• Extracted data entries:

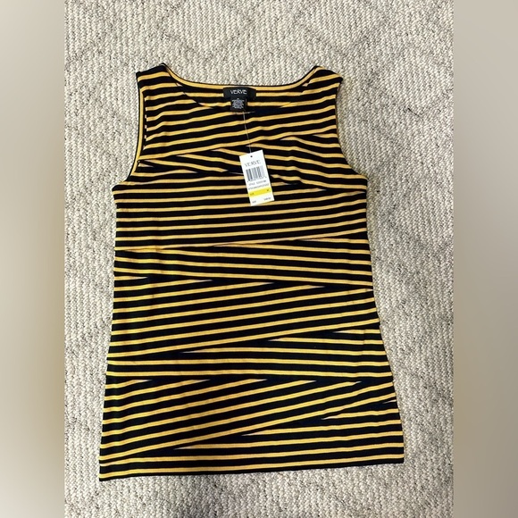 Verve draped sleeveless top mustard and black stripe size M
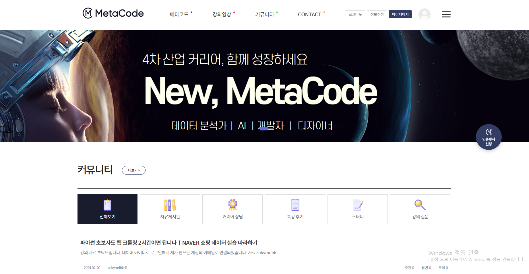 빅데이터 , AI 강의 플랫폼 & IT 현직자 모임 플랫폼ㅣ메타코드 커뮤니티 일원이 되시기 바랍니다.
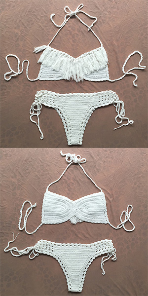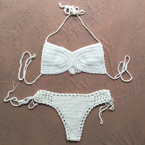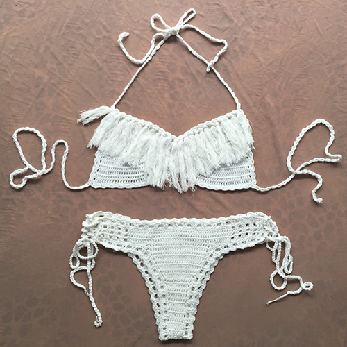 Sexy Hollow Out Knit Tassel Halter Bikini Set
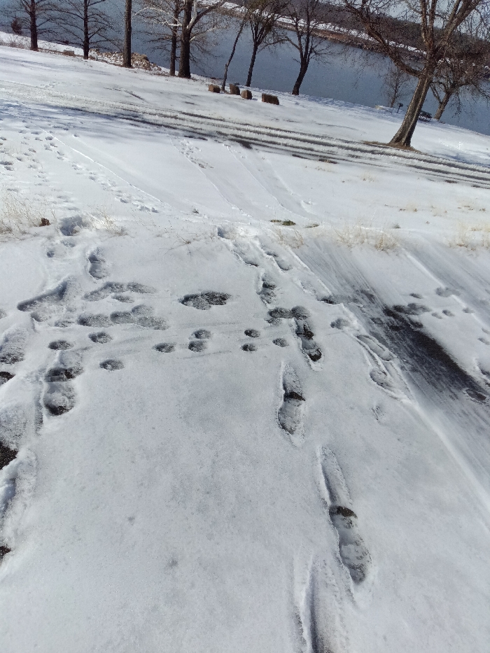A snow-covered landscape leads to a body of water framed by bare trees. Footprints in the snow crisscross the foreground, showing paths taken on the sloped terrain. A section of exposed dark earth cuts through the snowy surface. A row of dark, rectangular shapes sits near the water's edge, possibly benches or stones. The scene is cast in bright sunlight, with long shadows suggesting a low sun angle.
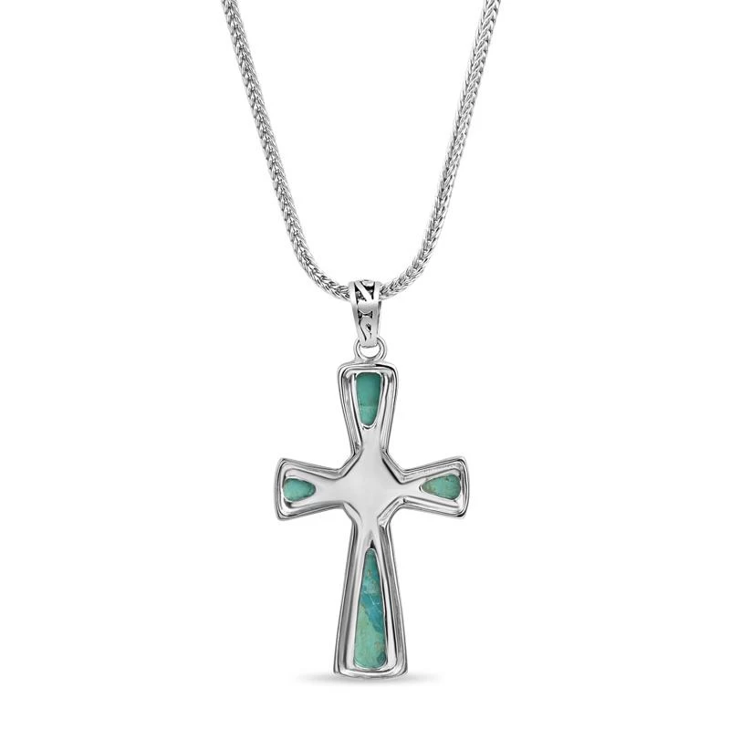 We celebrate these early evangelists with the Mission Turquoise Cross Pendant. The faithful Christian cross design feature 3 2/5 total carats of genuine turquoise that was mined in the same region as many of the finest missions— the American Southwest.

• EXERCISE: Pictures in the records above are to be left out of an otherwise exact copy.

• YOUR RESPONSE:
 Verve draped sleeveless top mustard and black stripe size M
 빅데이터 , AI 강의 플랫폼 & IT 현직자 모임 플랫폼ㅣ메타코드 커뮤니티 일원이 되시기 바랍니다.
 Sexy Hollow Out Knit Tassel Halter Bikini Set
A snow-covered landscape leads to a body of water framed by bare trees. Footprints in the snow crisscross the foreground, showing paths taken on the sloped terrain. A section of exposed dark earth cuts through the snowy surface. A row of dark, rectangular shapes sits near the water's edge, possibly benches or stones. The scene is cast in bright sunlight, with long shadows suggesting a low sun angle.
 We celebrate these early evangelists with the Mission Turquoise Cross Pendant. The faithful Christian cross design feature 3 2/5 total carats of genuine turquoise that was mined in the same region as many of the finest missions— the American Southwest.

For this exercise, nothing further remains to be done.